◆ Your task ◆
The answer must be an exact copy of the lines from the one containing "fast i byxlinningen." through the last line of the records, with no pictures.

◆ Available records ◆

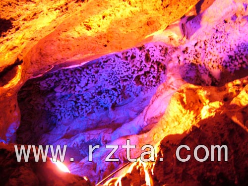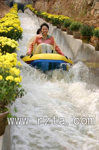 激情漂流也是地下画廊三期工程的重头戏,这条山东省最长的水道,长月1500米。漂流的起点,是画廊海底奇观的入口。一开始的一段水道相对平缓,水流也比较慢。一边乘橡皮艇顺流而下,一边从容欣赏洞内如诗如画的溶洞美景,人们可以体会到另外一种乐趣。当橡皮艇驶出山洞,眼前豁然开朗,仿佛由黑夜中突然转到白昼,水道的坡度也随之加大,橡皮艇也加快了前进的速度,时而飞身跃起,时而迅速落下,溅起的水花铺面而来,让人既紧张,又刺激。在人们还来不及多想的时候,又一个山洞迎面而来,从光明之中重新又回到黑暗之中。下滑的水道更陡,速度也更快。不论是滑草还是激情漂流,都是勇敢者的游戏,不过没有什么好担心的,都很安全。
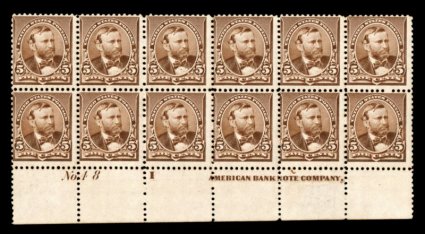 234 nhPB 223 image#223, 5c Chocolate, bottom margin imprint, letter "I" and plate "No. 48" block of twelve, strong color, o.g., never hinged, slight toning in the selvage, fine and seldom offered plate block; listed but not priced in Scott as never hinged. (Image) for hinged $3,190.00
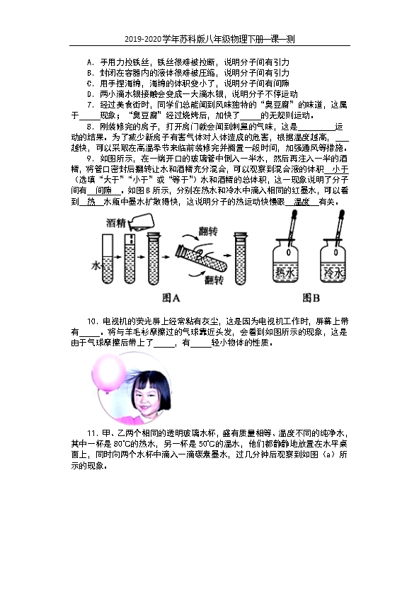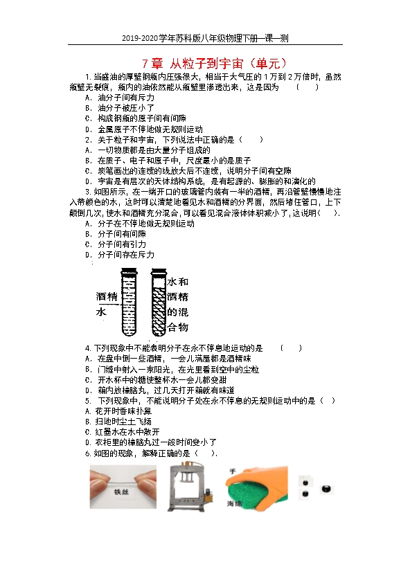 - 1502020-2021学年苏科版八年级物理下册课课练:第7章 从粒子到宇宙(单元)(附答案)
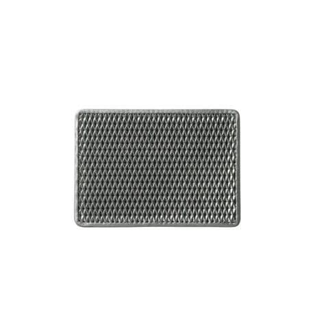 クロム鞣しの牛革にメタリック塗装をし、ダイヤ形の深い型押しを施しています。
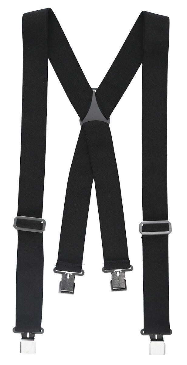 • 4 rejäla metallklämmor som knäpps fast i byxlinningen.
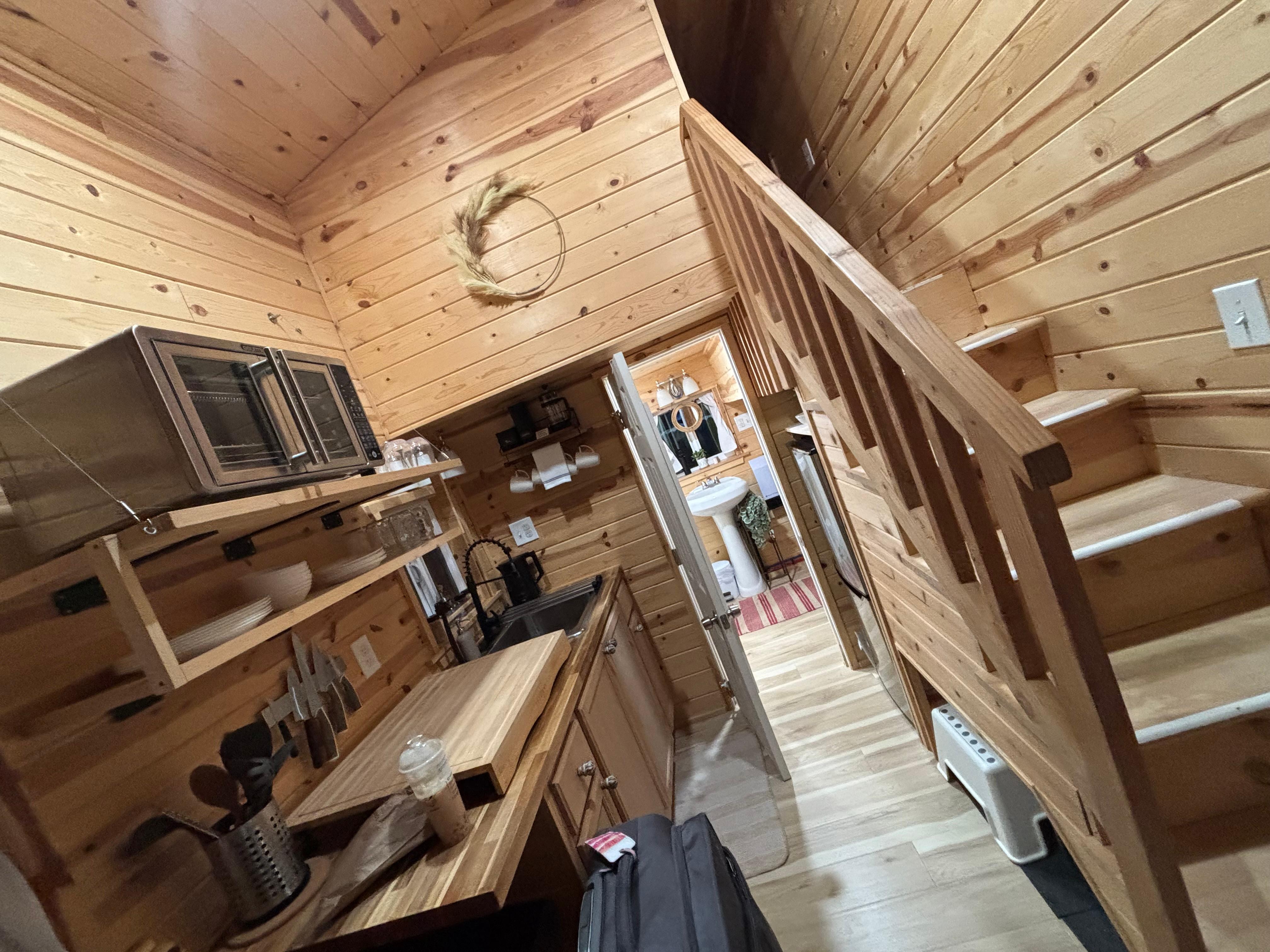 We have space for storage items within the tiny home loft for longer-term stays, but space is limited. An iron/ironing board is available with a 24-hour request time. The kitchen comes equipped with a medium-sized airfryer/toaster/oven unit.

◆ Solution below ◆
 • 4 rejäla metallklämmor som knäpps fast i byxlinningen.
 We have space for storage items within the tiny home loft for longer-term stays, but space is limited. An iron/ironing board is available with a 24-hour request time. The kitchen comes equipped with a medium-sized airfryer/toaster/oven unit.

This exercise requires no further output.